**What you need to do**
Reproduce exactly the run of lines that begins with the one containing "Niestety — rozważania" and ends with the last line of the records, omitting pictures.

::: Provided data :::

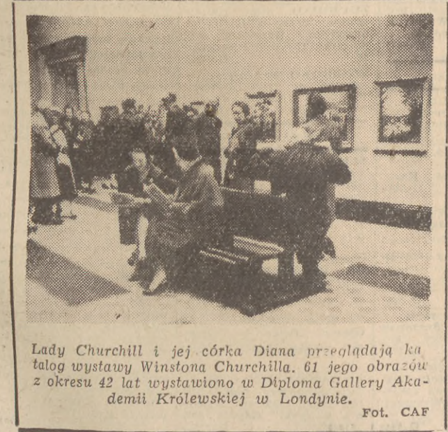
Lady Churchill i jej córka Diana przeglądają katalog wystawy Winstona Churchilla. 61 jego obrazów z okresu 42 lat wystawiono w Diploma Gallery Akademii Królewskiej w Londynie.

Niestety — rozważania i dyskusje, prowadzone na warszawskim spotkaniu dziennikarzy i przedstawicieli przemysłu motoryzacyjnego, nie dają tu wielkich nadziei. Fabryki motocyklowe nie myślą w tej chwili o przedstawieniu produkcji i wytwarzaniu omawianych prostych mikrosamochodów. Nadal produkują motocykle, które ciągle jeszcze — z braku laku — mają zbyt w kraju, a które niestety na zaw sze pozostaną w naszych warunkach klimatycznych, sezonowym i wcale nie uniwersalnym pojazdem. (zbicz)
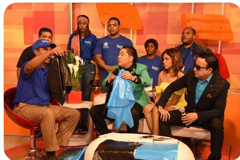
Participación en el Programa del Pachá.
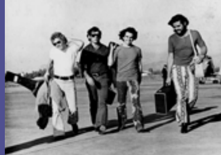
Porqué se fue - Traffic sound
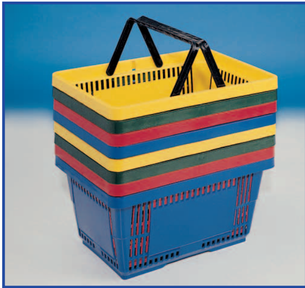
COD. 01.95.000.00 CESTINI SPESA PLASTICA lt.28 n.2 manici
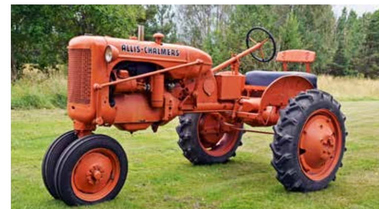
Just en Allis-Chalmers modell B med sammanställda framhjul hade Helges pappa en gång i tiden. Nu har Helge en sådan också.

:::

**Expected answer**
Niestety — rozważania i dyskusje, prowadzone na warszawskim spotkaniu dziennikarzy i przedstawicieli przemysłu motoryzacyjnego, nie dają tu wielkich nadziei. Fabryki motocyklowe nie myślą w tej chwili o przedstawieniu produkcji i wytwarzaniu omawianych prostych mikrosamochodów. Nadal produkują motocykle, które ciągle jeszcze — z braku laku — mają zbyt w kraju, a które niestety na zaw sze pozostaną w naszych warunkach klimatycznych, sezonowym i wcale nie uniwersalnym pojazdem. (zbicz)
Participación en el Programa del Pachá.
Porqué se fue - Traffic sound
COD. 01.95.000.00 CESTINI SPESA PLASTICA lt.28 n.2 manici
Just en Allis-Chalmers modell B med sammanställda framhjul hade Helges pappa en gång i tiden. Nu har Helge en sådan också.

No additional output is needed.